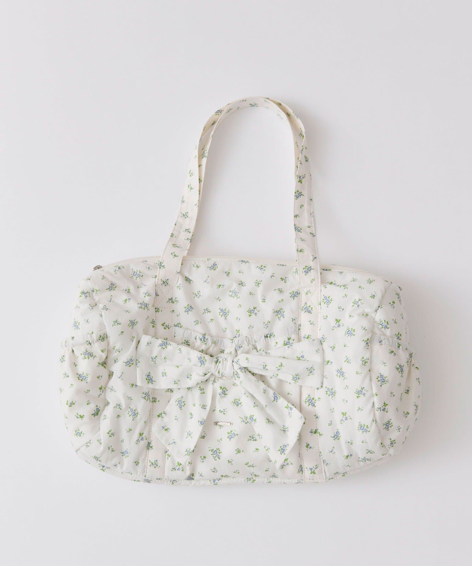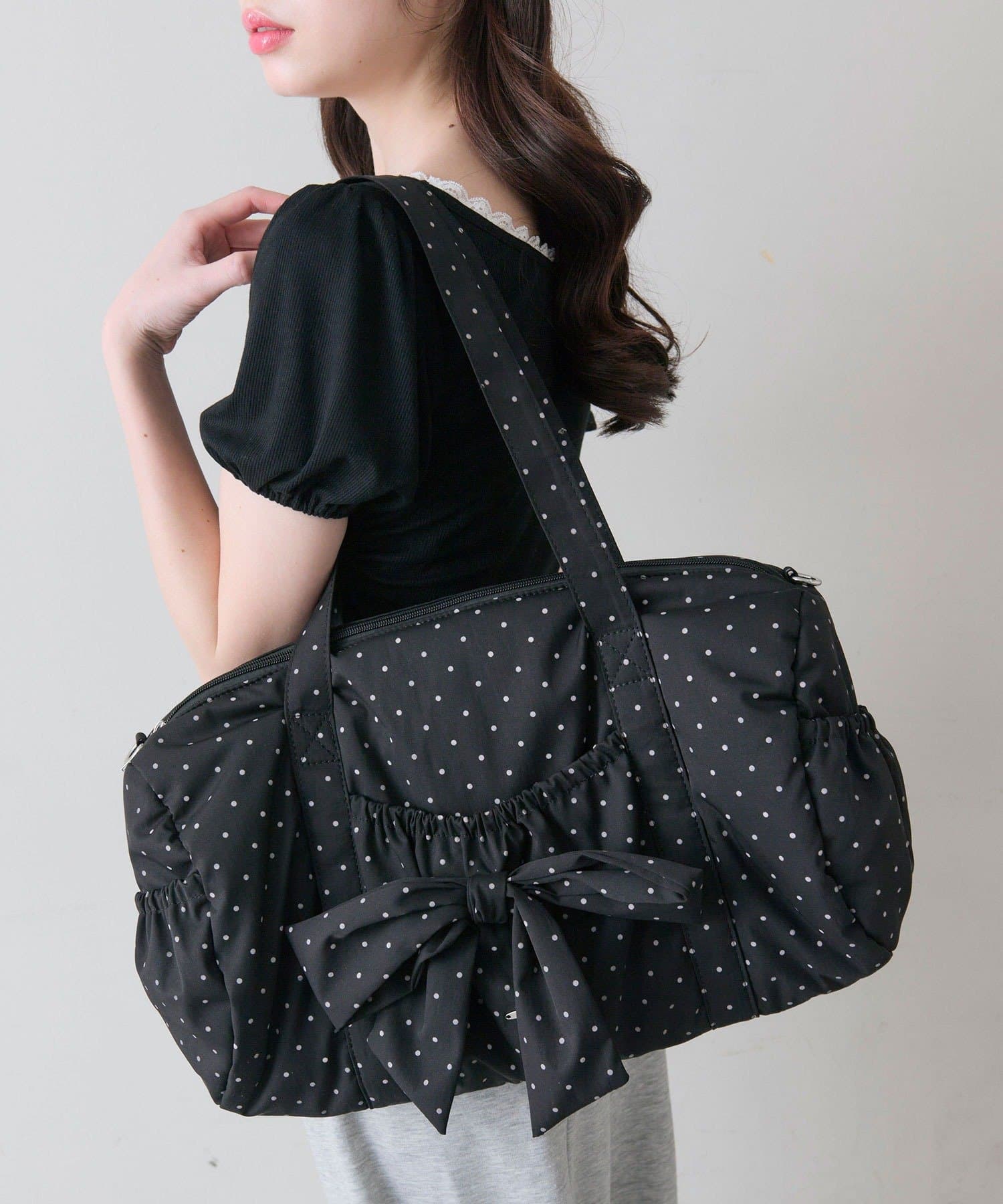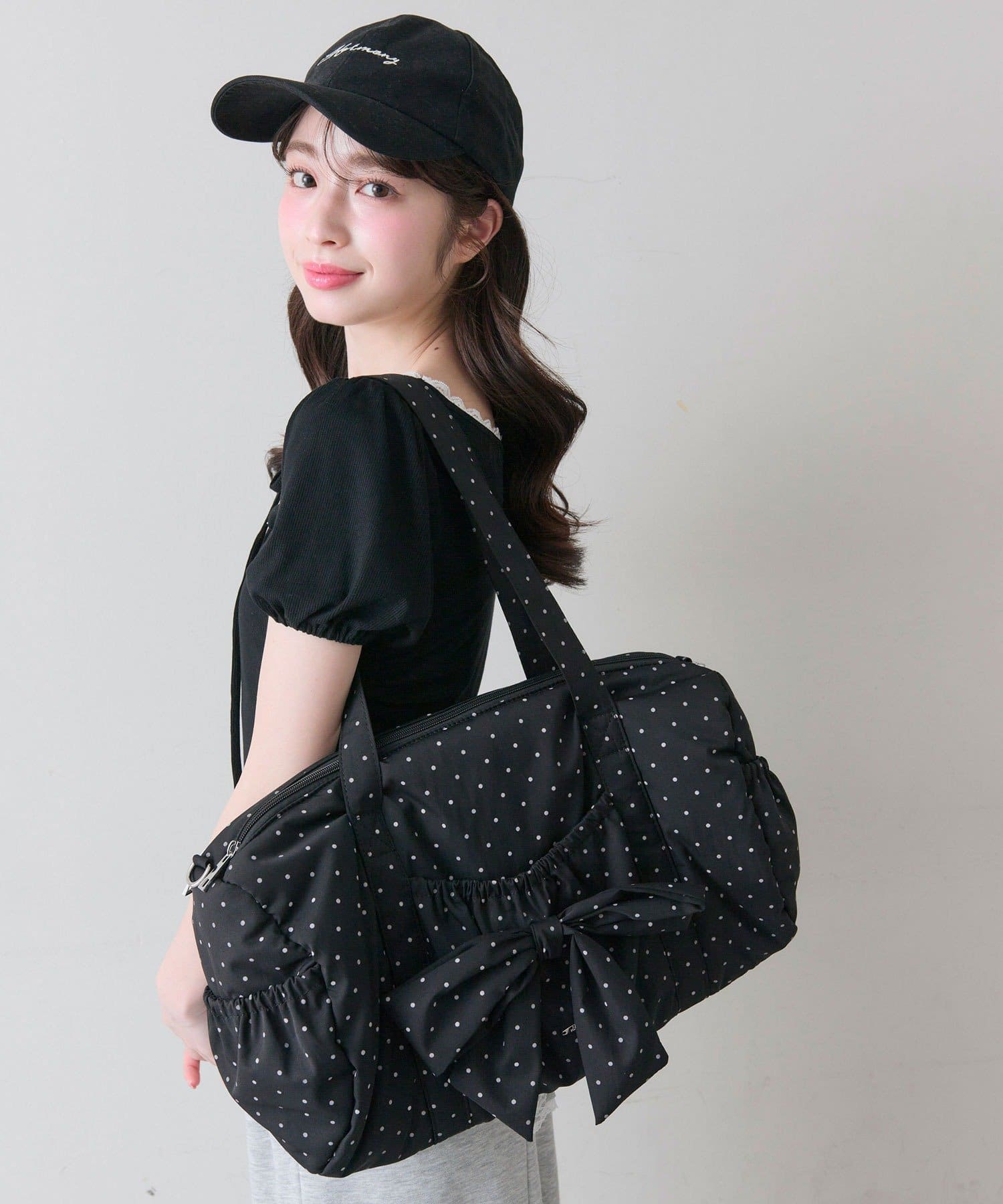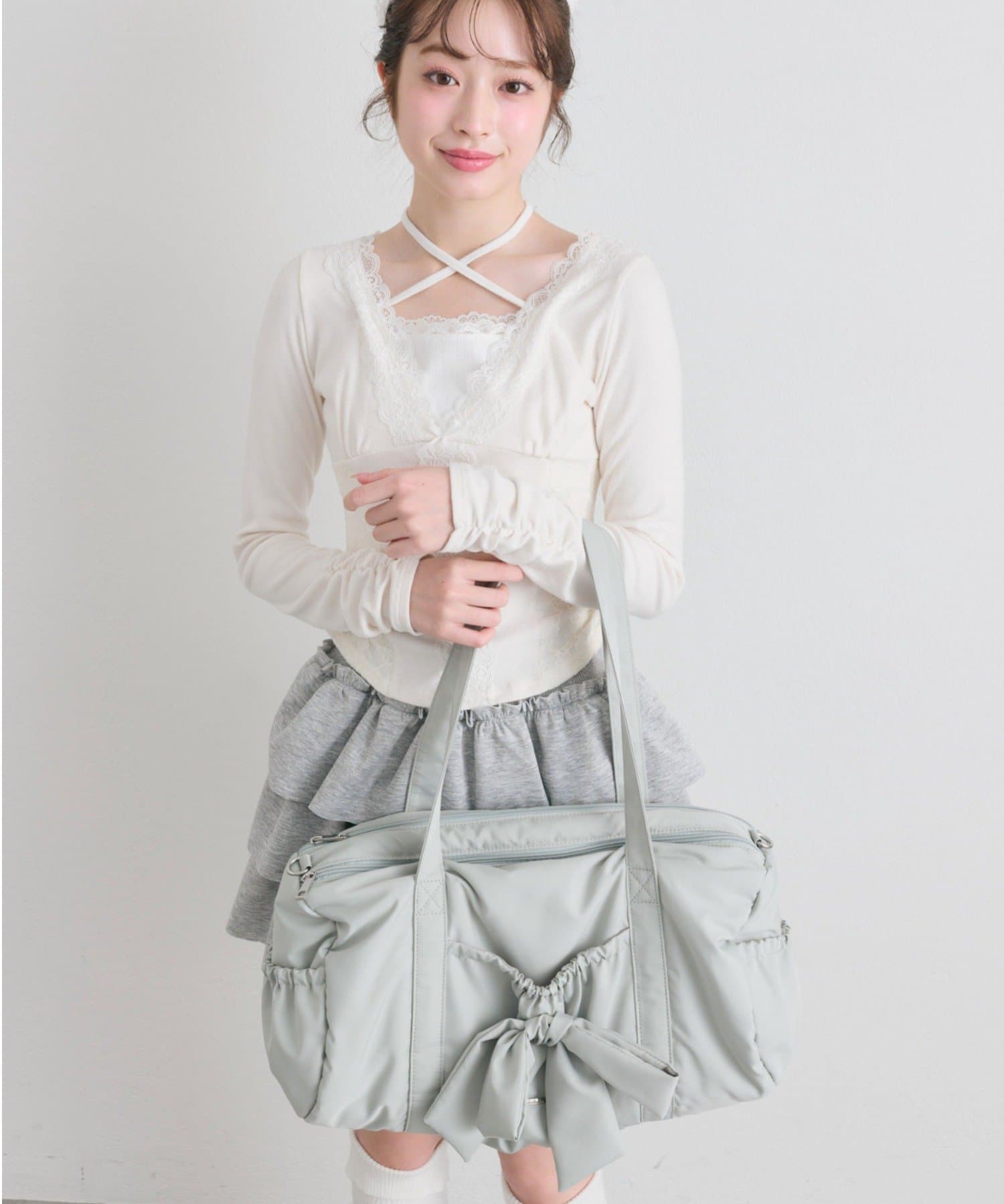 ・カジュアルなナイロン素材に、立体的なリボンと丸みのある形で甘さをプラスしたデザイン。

==

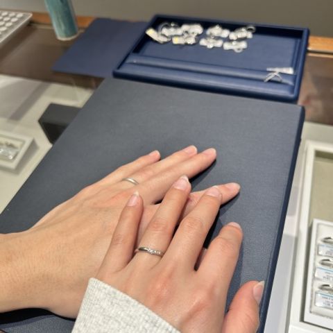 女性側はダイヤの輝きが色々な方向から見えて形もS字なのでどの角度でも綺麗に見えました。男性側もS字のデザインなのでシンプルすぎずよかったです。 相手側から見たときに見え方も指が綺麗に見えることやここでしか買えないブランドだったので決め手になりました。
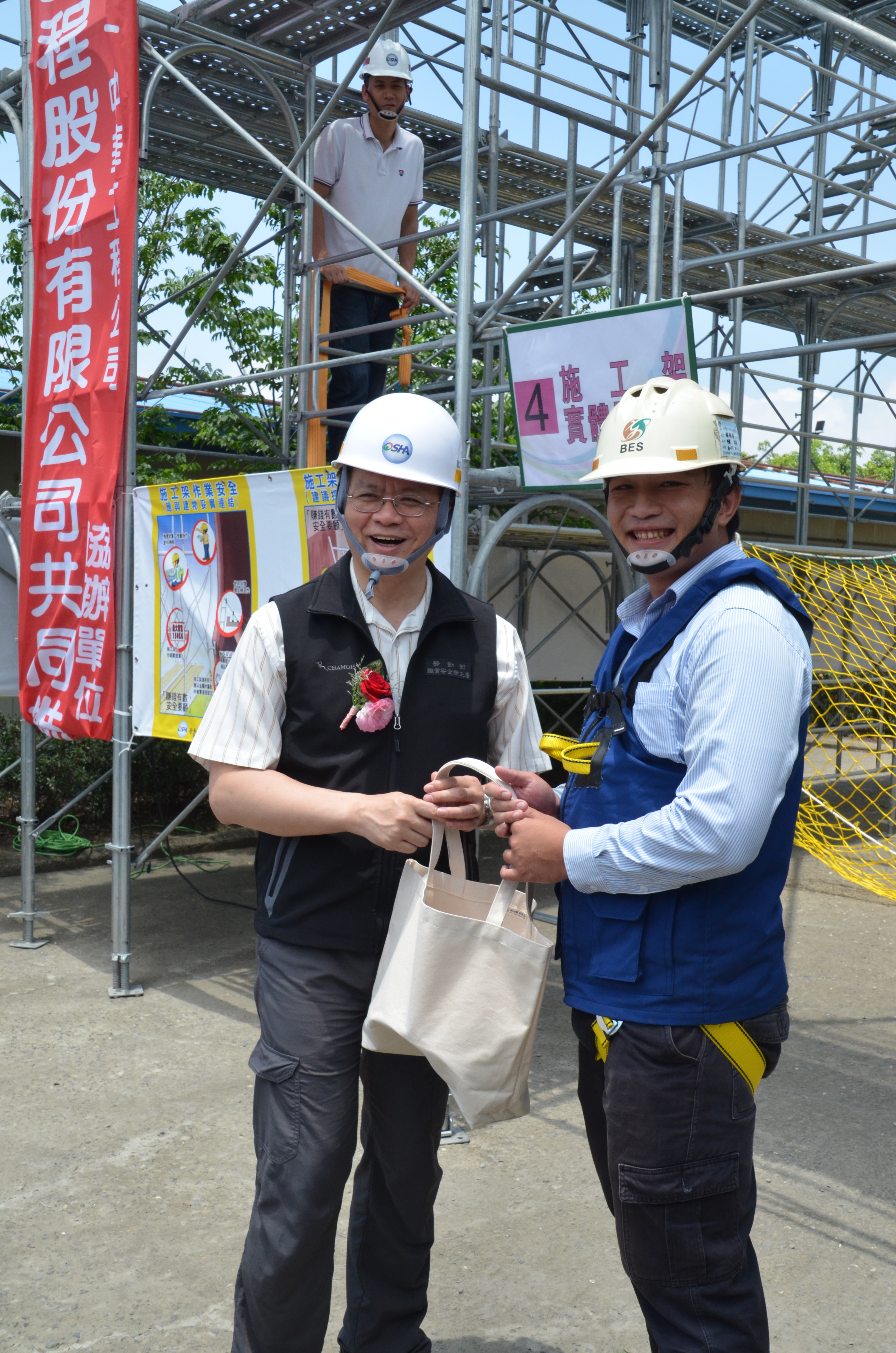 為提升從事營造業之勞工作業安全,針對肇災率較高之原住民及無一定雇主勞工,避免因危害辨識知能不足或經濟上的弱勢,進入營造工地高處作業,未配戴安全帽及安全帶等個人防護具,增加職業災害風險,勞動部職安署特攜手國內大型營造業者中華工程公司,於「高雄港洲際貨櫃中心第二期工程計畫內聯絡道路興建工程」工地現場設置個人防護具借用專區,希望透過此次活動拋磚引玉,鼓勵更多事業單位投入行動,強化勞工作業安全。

* * *

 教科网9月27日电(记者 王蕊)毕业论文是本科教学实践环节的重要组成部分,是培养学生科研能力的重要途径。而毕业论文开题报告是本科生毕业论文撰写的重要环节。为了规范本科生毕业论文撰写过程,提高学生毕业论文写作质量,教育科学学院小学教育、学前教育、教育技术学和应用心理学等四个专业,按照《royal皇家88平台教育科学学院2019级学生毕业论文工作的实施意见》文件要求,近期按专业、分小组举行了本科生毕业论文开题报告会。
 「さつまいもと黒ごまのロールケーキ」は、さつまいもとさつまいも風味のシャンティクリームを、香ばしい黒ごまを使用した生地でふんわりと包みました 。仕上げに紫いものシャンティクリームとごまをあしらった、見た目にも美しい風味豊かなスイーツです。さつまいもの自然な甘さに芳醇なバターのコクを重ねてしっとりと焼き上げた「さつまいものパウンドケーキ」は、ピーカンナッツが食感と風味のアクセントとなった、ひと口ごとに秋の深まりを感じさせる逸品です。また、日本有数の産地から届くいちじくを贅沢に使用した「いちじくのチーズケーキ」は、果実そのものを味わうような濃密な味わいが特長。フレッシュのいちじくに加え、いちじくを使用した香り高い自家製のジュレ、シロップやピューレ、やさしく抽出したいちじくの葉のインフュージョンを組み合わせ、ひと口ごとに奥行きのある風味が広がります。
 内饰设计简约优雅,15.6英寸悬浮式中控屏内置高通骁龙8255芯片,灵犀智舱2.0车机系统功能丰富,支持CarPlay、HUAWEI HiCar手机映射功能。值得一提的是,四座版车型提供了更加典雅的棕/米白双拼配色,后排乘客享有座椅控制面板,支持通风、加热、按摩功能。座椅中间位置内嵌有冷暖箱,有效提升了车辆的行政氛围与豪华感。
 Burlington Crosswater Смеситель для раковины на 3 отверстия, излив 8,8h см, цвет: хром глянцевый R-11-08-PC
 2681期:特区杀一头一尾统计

## Task brief:
Above are records; write out the lines from the one with "女性側はダイヤの輝きが色々な" down to the one with "為提升從事營造業之勞工作業安", exactly, leaving the pictures out.

## Task result:
 女性側はダイヤの輝きが色々な方向から見えて形もS字なのでどの角度でも綺麗に見えました。男性側もS字のデザインなのでシンプルすぎずよかったです。 相手側から見たときに見え方も指が綺麗に見えることやここでしか買えないブランドだったので決め手になりました。
 為提升從事營造業之勞工作業安全,針對肇災率較高之原住民及無一定雇主勞工,避免因危害辨識知能不足或經濟上的弱勢,進入營造工地高處作業,未配戴安全帽及安全帶等個人防護具,增加職業災害風險,勞動部職安署特攜手國內大型營造業者中華工程公司,於「高雄港洲際貨櫃中心第二期工程計畫內聯絡道路興建工程」工地現場設置個人防護具借用專區,希望透過此次活動拋磚引玉,鼓勵更多事業單位投入行動,強化勞工作業安全。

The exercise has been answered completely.